#### Given data
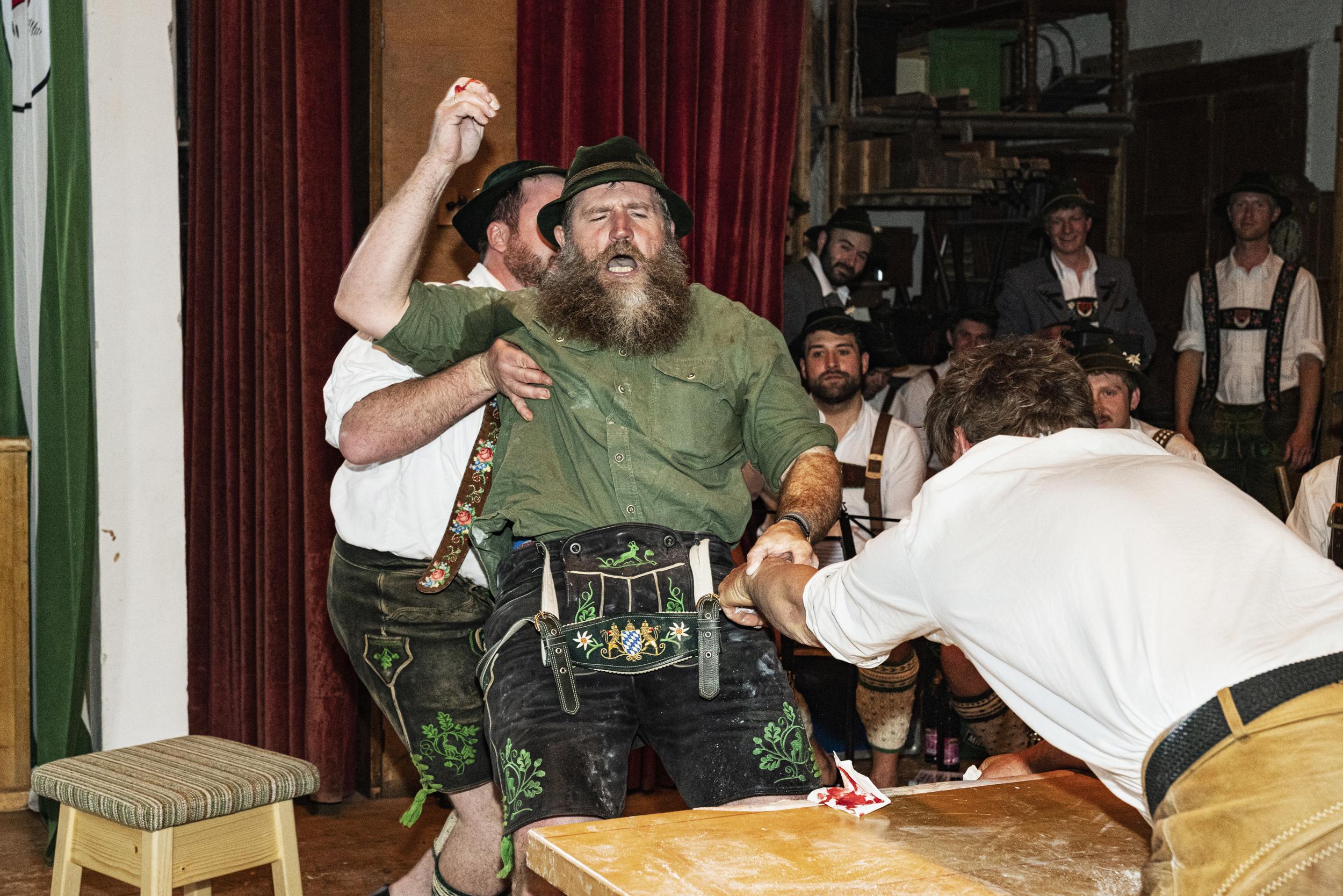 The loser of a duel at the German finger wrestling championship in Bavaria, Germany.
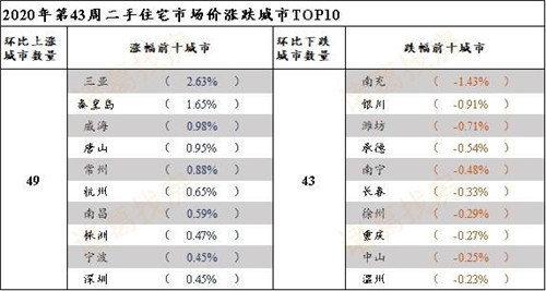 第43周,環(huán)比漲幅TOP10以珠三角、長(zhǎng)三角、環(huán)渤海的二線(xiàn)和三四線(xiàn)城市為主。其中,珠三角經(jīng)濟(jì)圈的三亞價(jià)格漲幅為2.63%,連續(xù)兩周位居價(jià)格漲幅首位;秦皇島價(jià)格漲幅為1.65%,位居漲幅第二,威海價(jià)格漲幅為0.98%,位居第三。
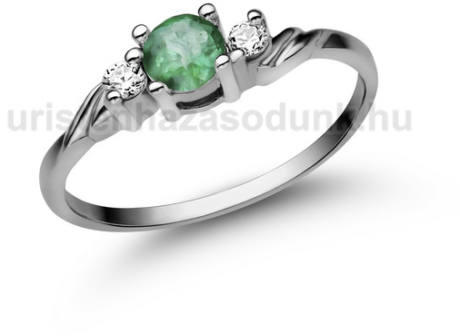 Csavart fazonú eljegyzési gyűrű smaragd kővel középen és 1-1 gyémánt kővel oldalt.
########
• **Work to complete**:
Word for word, return the material above, but drop the pictures.

• **Your solution**:
 The loser of a duel at the German finger wrestling championship in Bavaria, Germany.
 第43周,環(huán)比漲幅TOP10以珠三角、長(zhǎng)三角、環(huán)渤海的二線(xiàn)和三四線(xiàn)城市為主。其中,珠三角經(jīng)濟(jì)圈的三亞價(jià)格漲幅為2.63%,連續(xù)兩周位居價(jià)格漲幅首位;秦皇島價(jià)格漲幅為1.65%,位居漲幅第二,威海價(jià)格漲幅為0.98%,位居第三。
 Csavart fazonú eljegyzési gyűrű smaragd kővel középen és 1-1 gyémánt kővel oldalt.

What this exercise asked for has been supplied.